The headline of the article is also tendentious, because controlling shares of a business group is very different from "owning X" percentage of GDP. If I hold my resources in the form of shares in productive companies, does that mean that I can completely liquidate them at market value? Obviously not, because if I sell all my shares, it is very likely that the market value will collapse.
Do we want to put an end to the rich or the poor?
Two months ago I commented in a blog about this terrible tendency to see things in black and white, attacking wealth and exalting poverty, when we should be doing exactly the opposite. In this regard, I also shared this video of Margaret Thatcher.
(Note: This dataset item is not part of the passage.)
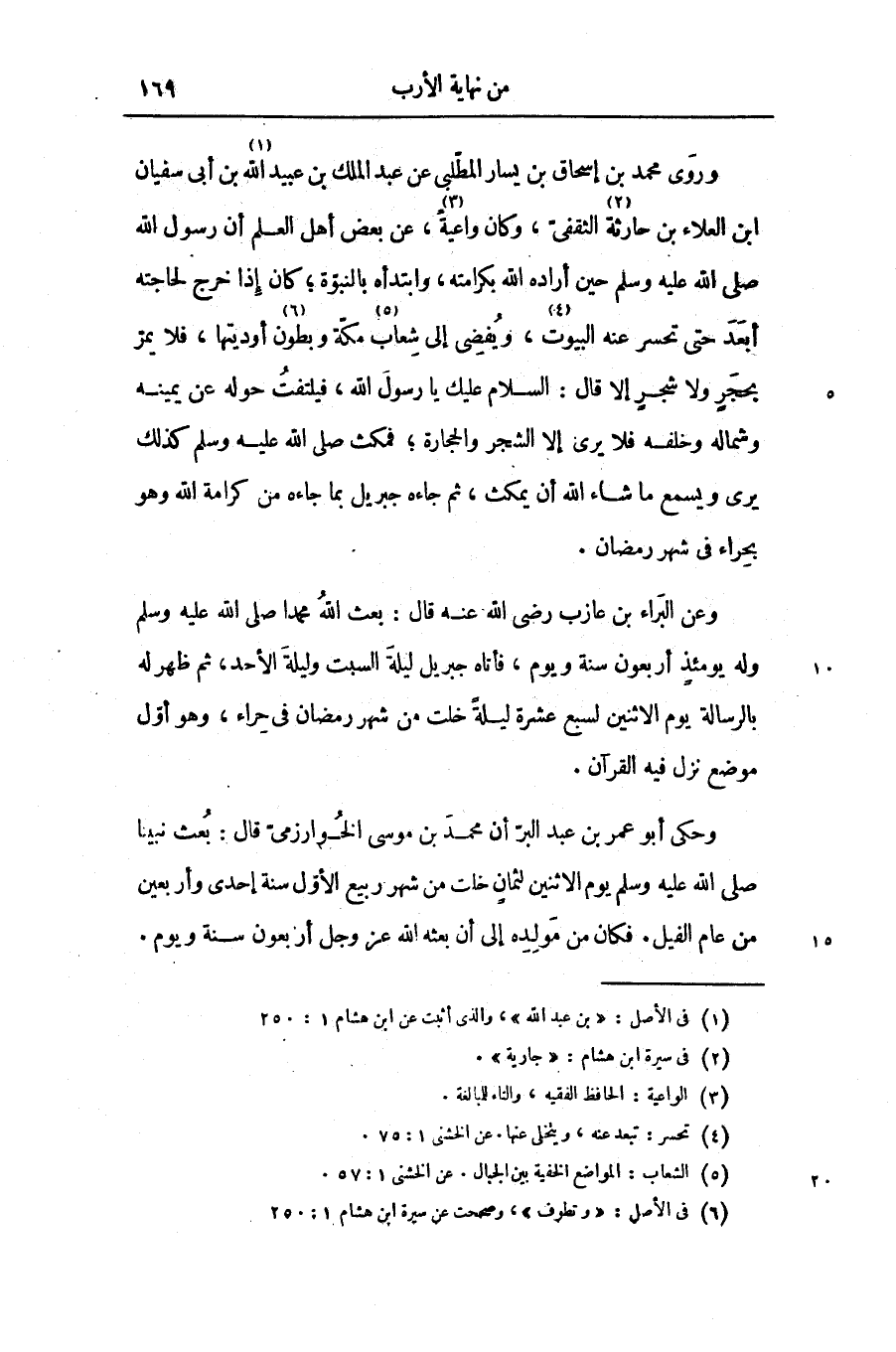 وعن البراء بن عازب رضى الله عنه قال: بعث الله محمدا صلى الله عليه وسلم وله يومئذ أربعون سنة ويوم، فأتاه جبريل ليلة السبت وليلة الأحد، ثم ظهر له بالرسالة يوم الاثنين لسبع عشرة ليلة خلت من شهر رمضان فى حراء، وهو أوّل موضع نزل فيه القرآن.

Let’s just consider the history of the last hundred years. In the former Soviet Union, North Korea, Cuba, and more recently in Venezuela, it has been shown that attacking businessmen, far from eliminating poverty, sinks economies into terrible backwardness and underdevelopment, because when material resources are confiscated, wealthy families simply take their human capital, which is more valuable than money, to other countries. This is precisely what is occurring today in Brazil and until recently in Argentina and France. The loss of businessmen in one country is a gain for other nations.
Those who propagate anti-business ideology probably seek to lead the respective countries toward socialism, which is a form of government that destroys freedom and plunges us into poverty.
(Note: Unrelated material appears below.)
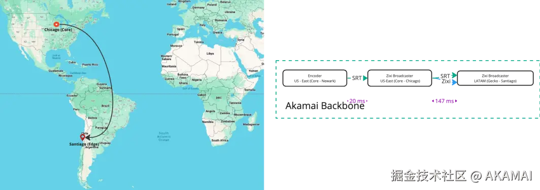 芝加哥至圣地亚哥通过Akamai分布式计算区域:

Finally, we must consider that businessmen and entrepreneurs are an extremely valuable resource because: (1) they take risks that nobody is willing -or prepared- to assume; (2) they accumulate and multiply capital to deal with these risks; (3) they creatively and innovatively resolve problems; (4) they provide products and services that the government is unable to offer in an efficient, acceptable, and timely manner; (5) they create millions of jobs; (6) pay taxes, and (7) generate wealth.
Unfortunately, Oxfam is on a global crusade against wealth. This energy and resources would be better focused on combating poverty, which is much more difficult, but is in theory its mission.
Inequality exists in every human society in which talent and other qualities are distributed or acquired in exponentially different ways. Let’s just consider a musician such as Yo-Yo Ma, a soccer player like Lionel Messi, a filmmaker such as like Steven Spielberg, or a writer such as Mario Vargas Llosa. They are all extraordinary in what they do. We have never seen musicians clamor that Yo-Yo Ma "concentrates too much talent," for that would be absurd. Naturally, the income received by this cellist corresponds to his expertise.
The problem is not inequality in and of itself, which exists in all human fields, but poverty and the inequality of opportunity, which is what is really offensive. It is clear to me that this is where we should be concentrating our efforts, in creating opportunities for everyone to live a full life, albeit with considerable or little money.
Envy is a corrosive feeling that destroys those who promote and engage in it. To base our public policies on this repugnant sentiment would only lead to failure. By the same token, attacking businessmen, far from resolving the problem of poverty, will sink us into misery.
Businessmen are an extremely scarce resource that we need to promote, not attack. I am very critical of these kinds of biased articles and NGOs that lash out at business success and wealth, because they have simply failed in their mission to eradicate poverty. Tackling extreme poverty is no small task, but a good start is to create more successful companies that create jobs and well-being for families, as opposed to public policies that destroy prosperity.